July 16, 2024

Euro Global Post- Latest News and Analysis | UK News | Business News

European news, UK news, political news, breaking news, lifestyle and entertainment news.

Image credit: BBC

Creditors in the United States can now DM debtors on social media

According to new guidelines approved by a US body this week, debt collectors can now contact Americans via social media and text messages.

The Consumer Financial Protection Bureau’s rule allows creditors to slip into the accounts of millions of Americans who owe money. Critics fear that the messages will be lost online, resulting in intrusions into privacy and the spread of new schemes.

Advocates argue that the change is merely a modernization of rules established in the 1970s.

The amendment, adopted by the Consumer Financial Protection Bureau last year during the Trump administration, requires creditors to contact defaulters secretly, which means they can send direct messages but not post on your public-facing page.

Consumers have the option of opting out of these mailings, but creditors are not required to obtain permission to contact them. There are no limits to the number of messages one can send.

Lenders argued that the change was necessary since the Fair Debt Collection Practices Act, which governs the sector, was passed in 1977, long before social media and text messages were invented.

The rule also establishes a new phone call restriction. Each debt can receive up to seven calls per week, but those with numerous debts may receive up to a dozen calls per week. Debt collectors are also prohibited from calling any customer within one week of speaking with them about debt.

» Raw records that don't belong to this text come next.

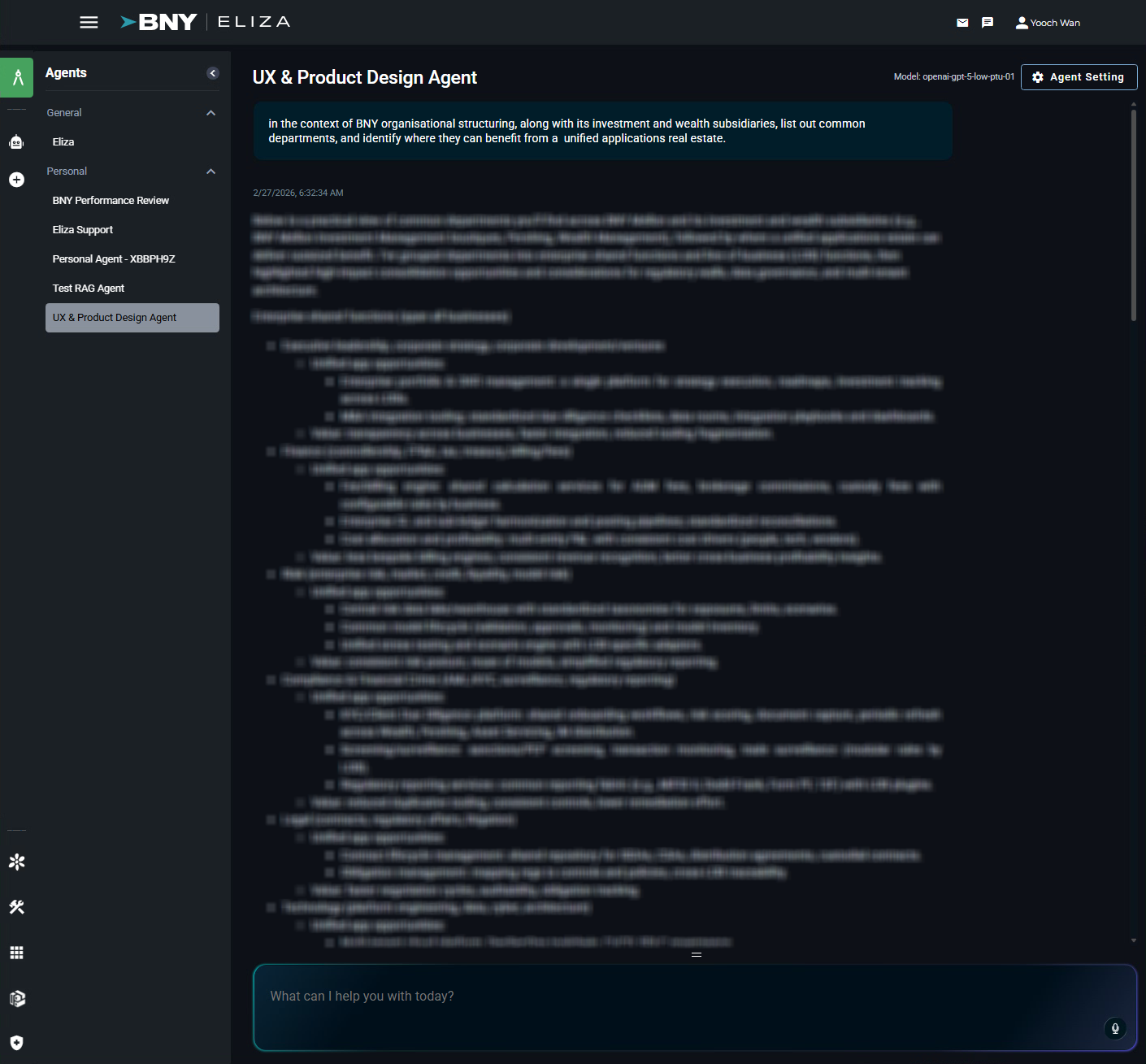 As part of BNY's mandatory AI enablement programme — totalling approximately 80 hours of formal AI training per employee — I designed and built a personal AI agent to support discovery and design activities within the UX and product design process, applying AI directly to real-world design workflows rather than theoretical use cases.
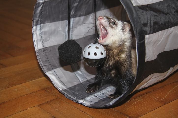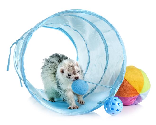 Lo más aconsejable es que tengas distintas clases de juguetes para poder ir ofreciéndole diferentes formas de diversión y estimulación. Contrariamente, si solo le das un solo juguete, tu hurón podría acabar aburriéndose y buscar entretenimiento en otra parte, por ejemplo, rompiéndote algún objeto de valor.
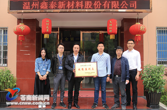 效能监测点由县纪委、县监委统一设立和管理,旨在优化营商环境,让企业吃下提升涉企服务的“定心丸”。图为宜山镇纪委为温州鑫泰新材料股份有限公司送去营商环境效能监测点牌子。(宜山镇 周爱玲)
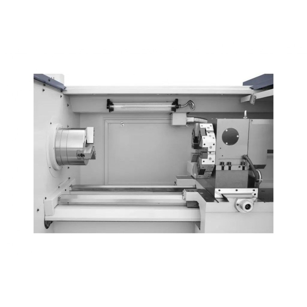 Обладнаний новітньою системою управління SINUMERIK 808D, яка надає ряд функціональних і технологічних можливостей, при цьому проста у налаштуванні і зручна у використанні. Потужність двигуна 7,5 кВт і швидкість обертання шпинделя до 2000 об/хв дають змогу ефективно працювати з різними деталями, якісно виконуючи завдання різної складності. Гідравлічна задня бабка та автоматична система змащування забезпечують плавну, безперебійну роботу і тривалий термін служби верстата.
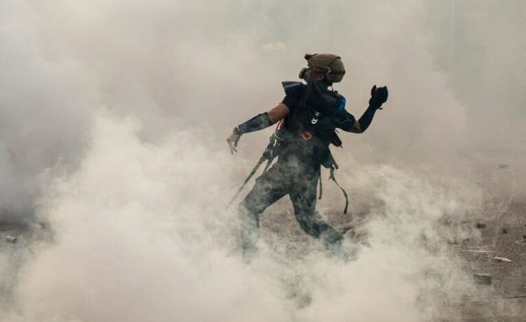 As a tear gas canister clatters onto a street in Hong Kong, a pro-democracy protester wearing heat-proof gloves and carrying a traffic cone sprints from the crowd to put it out.
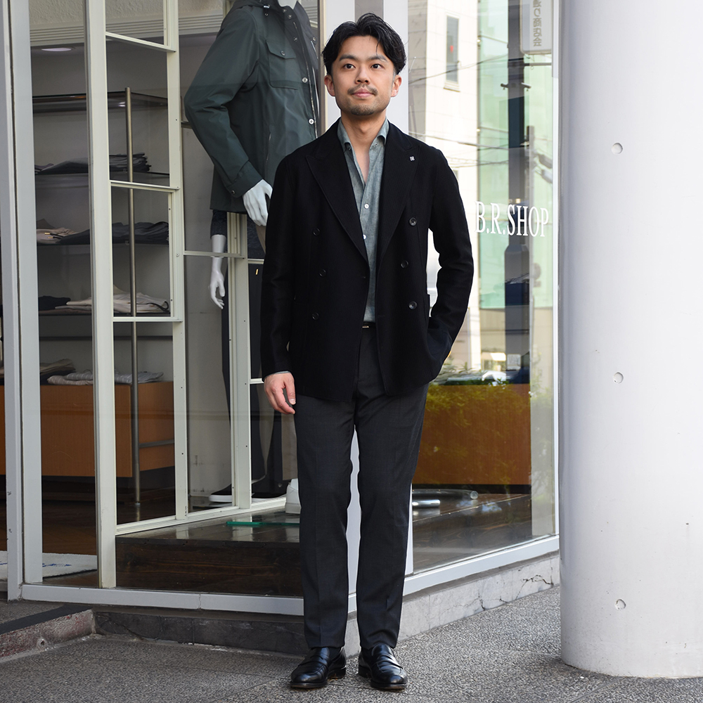 ・ポリエステルとウールがブレンドされた機能素材で織られた生地は、ストレッチ性/シワになりづらい/耐水性を備えており、クセのないプレーンな表情が特徴です。全3色のラインナップ。
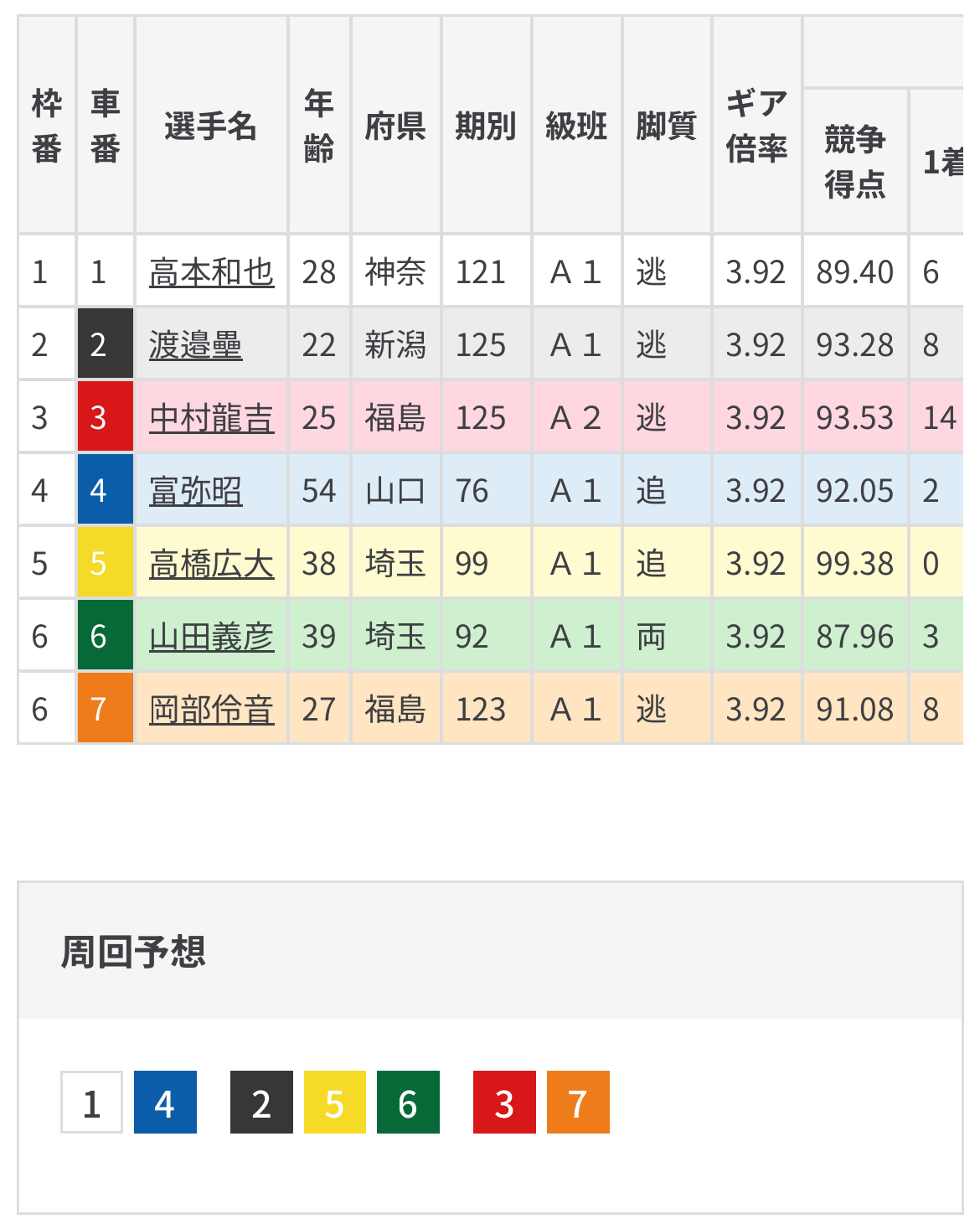 決勝は少し鬼門となっている中村だがココは福島同士で岡部が番手なら長い距離を踏んでもくることも

“This is a modest step forward in modernising contacts with consumers,” says Mark Neeb, CEO of debt collection trade organisation ACA International.

Critics argue that the choice opens up additional avenues for miscommunication, particularly because some people do not have continual access to the internet. Messages about past-due invoices, even if they are private, may be sent to the wrong person. According to CBS News, almost one-third of Americans with credit reports have a debt that has been sent to a collection agency, meaning the rule may affect tens of millions of people.